The method in accordance with the invention is preferably performed essentially without diluent. This means a proportion of less than 5% by weight, preferably less than 2% by weight, of diluent with reference to the starting material.
For the method in accordance with the invention additional basic additives from the group comprising alkali hydroxides, alkaline earth hydroxides, alkaline alcoholates, alkaline earth alcoholates and amines can be used.
Of the alkaline hydroxides, sodium hydroxide and potassium hydroxide are preferred. The alkaline and alkaline earth hydroxides can be used in purum or as an aqueous or alcoholic solution.
The alcoholates preferably contain between 1 and 4 carbon atoms and are preferably selected from the group comprising methanolate, ethanolate, isopropanolate and tert.-butanolate, with particular preference for methanolate and ethanolate. Especially preferred alkaline alcoholates are sodium methanolate and sodium ethanolate.
The alcoholates can be used dissolved in purum or in alcohol, preferably here in the alcohol corresponding to the alcoholate. The proportion of alcoholate in alcoholic solution is normally in the range 10-70% by weight, preferably 15-50% by weight.
With the amines triethylamine, tributylamine, ethanolamine and dimethylbenzylamine are preferred.
For the method in accordance with the invention, the ratio of the weight of the basic additive (individually or total of the basic additives) to the starting material is normally 0.000001-0.1:1,preferably 0.00001-0.05:1, with particular preference for 0.001-0.02:1.
The method in accordance with the invention can, by way of example, be performed as follows:
The starting materials, nickel catalyst and, as appropriate, diluent and basic additive, are place in a pressure vessel. The hydration or rearrangement then takes place at the chosen temperature and the chosen hydrogen pressure. Once the reaction is complete the raw menthol is obtained by removing the catalyst (e.g. by filtration, decantation, centrifuging) and if necessary removal of the basic additive through washing. Then the raw menthol is normally further purified, for example by distillation or crystallisation.

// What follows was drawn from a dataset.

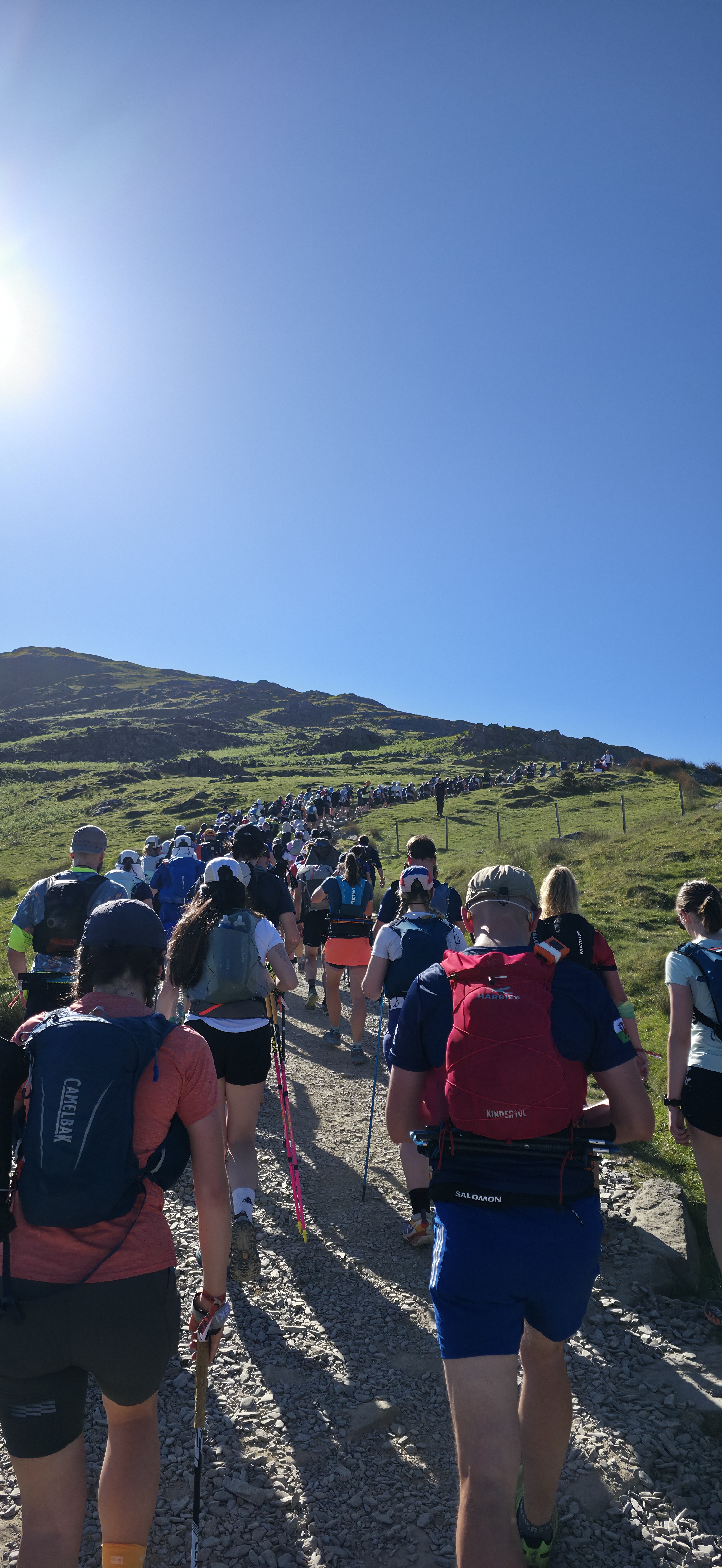 The shade didn’t last too long before my next challenge lay ahead, in the form of a mountain called Mynydd Mawr. My friend Sean (https://www.instagram.com/trailrunforlife/) previously explained the blind summits of this so I knew what to expect but knowing and experiencing are two different things! Looking up ahead and as far as my eye could see I was able to make out small dots of people in the distance. Oh well.

When unadulterated enantiomer or enantiomer enriched starting materials are used in the rearrangement reaction racemization or partial racemization takes place under the reaction conditions. The hydrations, racemizations and isomerisations that take place during the method in accordance with the invention surprisingly lead to a large extent to the formation of menthol using an inexpensive nickel catalyst, which is neither based on noble metals nor requires noble metal doping. Particularly surprising is the fact that with the method in accordance with the invention a to a large extent hydrocarbon-free product (typically <0.5% by weight) is obtained.
In particular, the moderate reaction conditions represent a considerable improvement at the industrial level.
The following examples explain the invention:
Unless otherwise stated all data relate to the weight.
996 g of thymol (purity: 99.8%) and 20 g Raney-nickel-iron-chromium (composition of the dry catalyst: 92% nickel, 5% aluminium, 2% chromium, 1% iron; water content 50%; form of catalyst: powder; source DegussaAG) are placed in a 5 l agitating autoclave with a gas injection stirrer. Hydration is performed for 24 hours at 175° C. and for 1 hour at 100° C. The hydrogen pressure is 20 bar. Following filtration 1,028 g of a menthol-isomers mixture with the following composition (total menthol 99.5%) are obtained:
60.3% menthol
25.8% neomenthol
11.7% isomenthol
1.7% neoisomenthol
The menthol-isomers mixture obtained can be distilled without organic residue at up to 100° C. sump temperature and 1 mbar.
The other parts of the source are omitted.